Rural communities continue to face health challenges and disparities, with higher percentages of preventable deaths, higher rates of Medicare and Medicaid populations, and much fewer providers, according to a panel discussion at AcademyHealth National Health Policy Conference, being held February 4-5 in Washington, DC.

In 1999, there was a 6% gap in mortality rates between rural and metropolitan areas, but by 2016, that rate tripled to 18%, explained Mark Holmes, PhD, professor of health policy and management at the University of North Carolina Gillings School of Global Public Health. From 1999 to 2010, there was a 50% quicker decrease in mortality rates compared with prior years for both metropolitan and nonmetropolitan areas. However, from 2010 to 2016, nonmetropolitan mortality remained flat while metropolitan mortality continued to decline, albeit at a slower rate.

The reasons behind this trend can largely be explained by higher deaths from motor vehicle accidents, heart attacks, other types of accidents, and suicide by firearms, according to Holmes.

At the same time, rural hospitals have been facing shrinking inpatient volume while outpatient volume increases, with 3 of 4 hospitals having more than 60% of their revenue coming from outpatient care. Other challenges facing these hospitals include having trouble recruiting and retaining providers; having greater Medicaid, Medicare, and self-pay populations; having smaller populations that are sicker, older, lower-income, and unemployed; and having less access to technology, such as electronic health records and telehealth.

These hospitals also face a lack of physician coverage, patient safety concerns, and poor management, as well as negative profit margins.

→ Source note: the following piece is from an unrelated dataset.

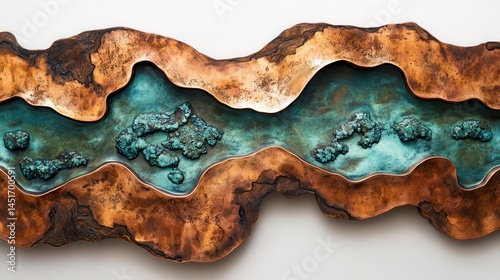 Copper and turquoise sculpture on a white background, top-down view. Use for backgrounds, textures, or any natural, artistic-themed designs.
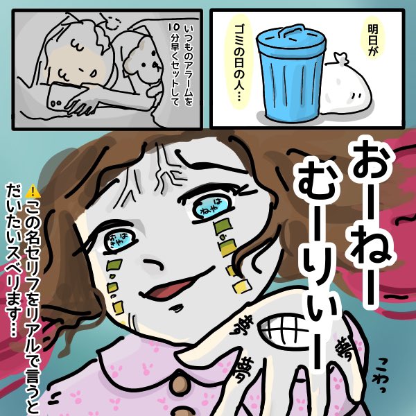 明日はゴミの日なので 早く寝なきゃです 魘夢はよく褒めてくれるので キライじゃないです #鬼滅の刃 #無限列車編 #おやすみ #日常漫画 #使える名セリフ #マンガが読めるハッシュタグ #漫画好きさんと繋がりたい #らくがき展示場

As a result, rural hospitals are closing across the country, with higher concentrations of closures in the South, said Holmes. While some convert to outpatient, primary, or urgent care centers, more than half are being abandoned.

And it’s not just closures of whole units that are an issue, explained Holmes. It’s also the closure of service lines. For example, 9% of rural counties lost their obstetrician services between 2004 and 2014.

As healthcare stakeholders continue to search for answers to the problem, Holmes explained that a possible solution could come from rural freestanding emergency departments that offer 24/7 care. However, he said, there is no current good mechanism for reimbursing them.

Rural health clinics (RHCs)—primary care clinics in underserved rural areas—are also facing significant shifts from these challenges, explained Bill Finerfrock, executive director for the National Association of Rural Health Clinics.